Mr. Kurz: Most of these aseptic filling processes follow similar principles and best practices regardless of the product’s primary packaging. That being said, the exact processes and level of complexity vary somewhat from container to container. For instance, vials and cartridges can be processed on the same filling lines while ampoules require different technology.
What have you found to be the most effective way to simulate an aseptic filling process? What are the advantages of investing in that kind of simulation, and some of the challenges drug developers may encounter in conducting one?
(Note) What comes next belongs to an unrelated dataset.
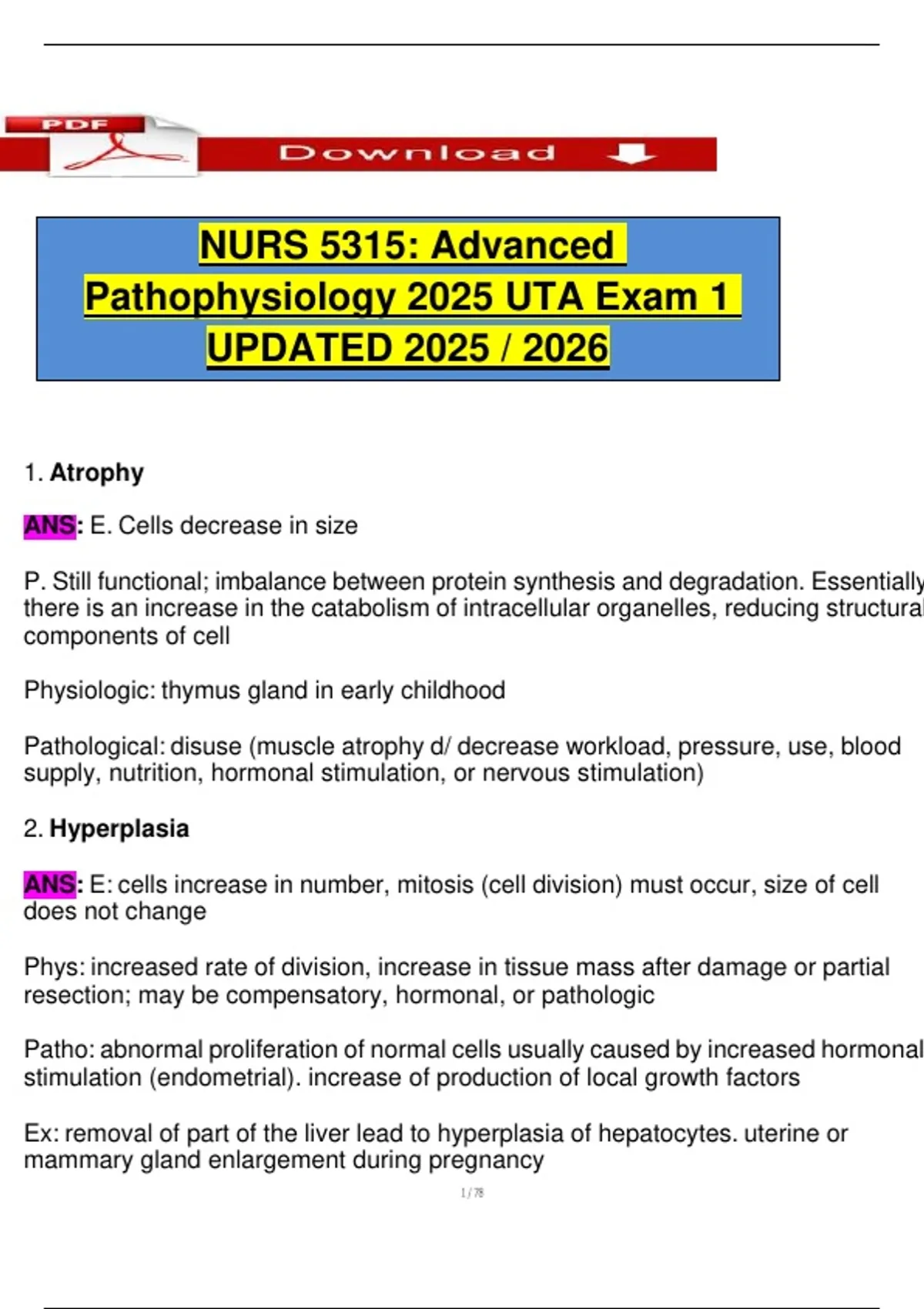 ANS: E. Not true adaptation; Cells abnormal change in size, shape, organi- zation

Mr. Kurz: In our experience, the best approach is to simply apply aseptic experiences and knowledge and follow regulatory guidelines to establish properly designed simulations of the aseptic filling processes.
To truly get a sense of how those operations will perform, though, it’s important to include inherent and corrective interventions as well as worst-case scenarios (like maximum permitted holding or duration times). This vital information demonstrates a process’s true ability to maintain product sterility under “real life” conditions, and will help you gain a comprehensive understanding of the process by evaluating aseptic criticalities in the context of variances you can expect to encounter during routine operations.
What key analyses should be performed throughout these various tests to get the right quality? What are the biggest challenges to effectively implementing and performing them? What key information should be obtained if these analyses are indeed effective?
Mr. Kurz: There are several important factors to focus on here:
- The need for a nutrient that promotes the growth of potential microbial contamination
- Appropriate microbiological tests that can verify the suitability of the nutrient (such as a growth-promotion test)
- Methods that ensure the nutrient solution comes in contact with all interior surfaces of the aseptically filled units
Every filled container should then be incubated at two different temperatures, with a visual inspection performed after each incubation period.
“Human factors” are especially important for these visual inspections. Operators need to be carefully trained on the methodology used to identify microbiological contamination, as their analyses and observations will be crucially important in demonstrating that a process can protect product sterility.
What other validation requirements or watchouts are important to consider when establishing aseptic filling operations?
Mr. Kurz: In any process as complex as aseptic filling, there are many detailed steps and technical complexities that need to be navigated to successfully validate your manufacturing operations. For example, all filled units – including discarded integer material – must be incubated as part of the aseptic process simulation. The intent is to validate the process from an aseptic perspective and rule out any negative impact on sterility.
Is there anything else about ensuring quality/validation of aseptic filling operations that our readers should know?
Mr. Kurz: Establishing a rigorous, systematic approach to quality is critical to the successful validation of aseptic filling processes. Take the time to get this part right, and make sure you have the right experts at the table as early as possible.